Unnamed: 0,Method,Metric,Score
0,RTP-svm,accuracy,0.842
1,RTP-lr,precision,0.831
2,RTP-svm,recall,0.977
3,RTP-svm,f1 score,0.86
4,RTP-lr,auc roc,0.917


#### Best Overall Settings and Parameters
* RTP-SVM
  * kernel: poly
  * max gap: 5
  * sup pos: 0.1
  * sup neg: 0.1
* RTP-LR
  * max gap: 5
  * sup pos: 0.3
  * sup neg: 0.2
* LSTM
  * batch: 128

#### Metrics Evaluation
* True Positive Rate (TP) - *The probability that an actual positive correctly tests positive.*
* True Negative Rate (TN) - *The probability that an actual negative correctly tests negative.*
* False Positive Rate (FP) - *The probability that an actual negative wrongly tests positive.*
* False Negative Rate (FN) - *The probability that an actual positive wrongly tests negative.*

##### Accuracy: (TP + TN) / (TP + FP + FN + TN) 
* RTP-SVM correctly predicted a combined 84% of positive and negative cases. Not very informative for sepsis diagnosis due to the fact that false negatives (sepsis patients misidentified as non-sepsis patients) have a much higher cost than false positives (non-sepsis patients misidentified as sepsis patients) and Accuracy doesn't distinguish between the two.

##### Precision: TP / (TP + FP) 
* RTP-LR correctly classified 83% of its positive predictions. This tells us that our sepsis positive predictions are reasonably reliable as long as the counter-measures for sepsis patients are not particularly invasive or resource intensive since misidentified non-sepsis patients would receive the same treatment as correctly identified sepsis patients.

##### Recall: TP / (TP + FN) 
* RTP-SVM correctly classified 97% of all positive cases. This is the most important metric for sepsis diagnosis since the accurate diagnosis of sepsis positive patients is the priority here. As such with a 97% Recall rate we are reasonably certain of our ability to intercede on behalf of sepsis patients when necessary.

##### F1-score: 2 x (Recall x Precision) / (Recall + Precision) 
* RTP-SVM has a fairly high 0.86 weighted average score between Recall and Precision. This is the ability to both identify sepsis cases (Recall) and be accurate with the cases it predicts as sepsis (Precision). In other words, the confidence we have in our ability to intervene on behalf of and spend resources on those patients and only those patients who truly need intervention.

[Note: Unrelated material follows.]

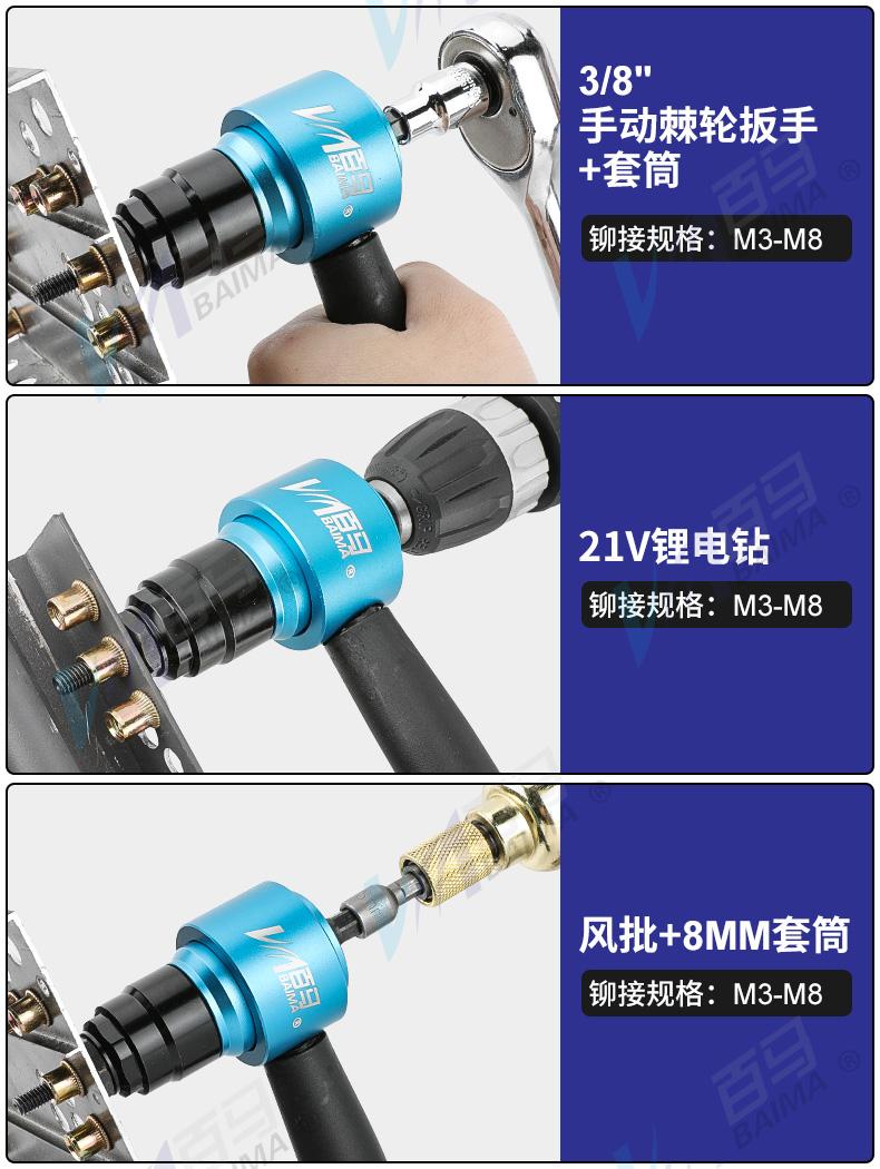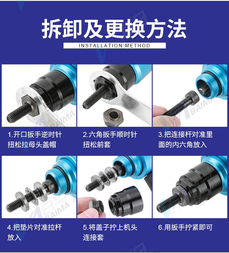 Pistola remachadora neumática eléctrica Baima SW8, pistola remachadora para tuercas, pistola remachadora para tuercas, pistola remachadora para tuercas, pistola remachadora para ariete

##### AUC-ROC: Sensitivity (TP) vs (1 − Specificity (TN))
* RTP-LR has the highest AUC-ROC score of 0.91 indicating its superior performance over LSTM at distinguishing between patients with sepsis and patients without sepsis at various thresholds.

#### Summary:

Having completed a rigorous exploration of the sepsis EHR data using the methods RTP-SVM, RTP-LR, and LSTM, we have found that RTP out-performed LSTM on all of the relevant metrics. Further, the fitted models, SVM and LR, used in conjunction with RTP, each showed promise by achieving high scores in the various metrics. Of these, it is our conclusion that RTP-SVM is the most promising method due to the fact that it claims the high scores for the most relevant metrics for sepsis prediction, the Recall and F1-score. Using these scores, we can be moderately confident in our ability to intervene on behalf of sepsis patients while keeping unnecessary intervention levels to a reasonable minimum.

#### Proposal:

After reviewing Dr. Chi’s paper, "Recent Temporal Pattern Mining for Septic Shock Early Prediction", we found that their work cited an almost identical RTP F1-score of 0.868 using an observation window just 4 hours before diagnosis versus our F1-score of 0.860 using the same method 24 hours before diagnosis. That is a full 20 hours increase in advance notice with little drop-off in predictive ability. With such a minimal decrease in accuracy over such an extended period of time, we feel it would be reasonable to set a minimum acceptable F1-score and walk back the observation window an additional 24-48 hours in 4-hour intervals until the minimum F1-score is met. This will help to identify patients with sepsis that much earlier and before the disease has a chance to progress.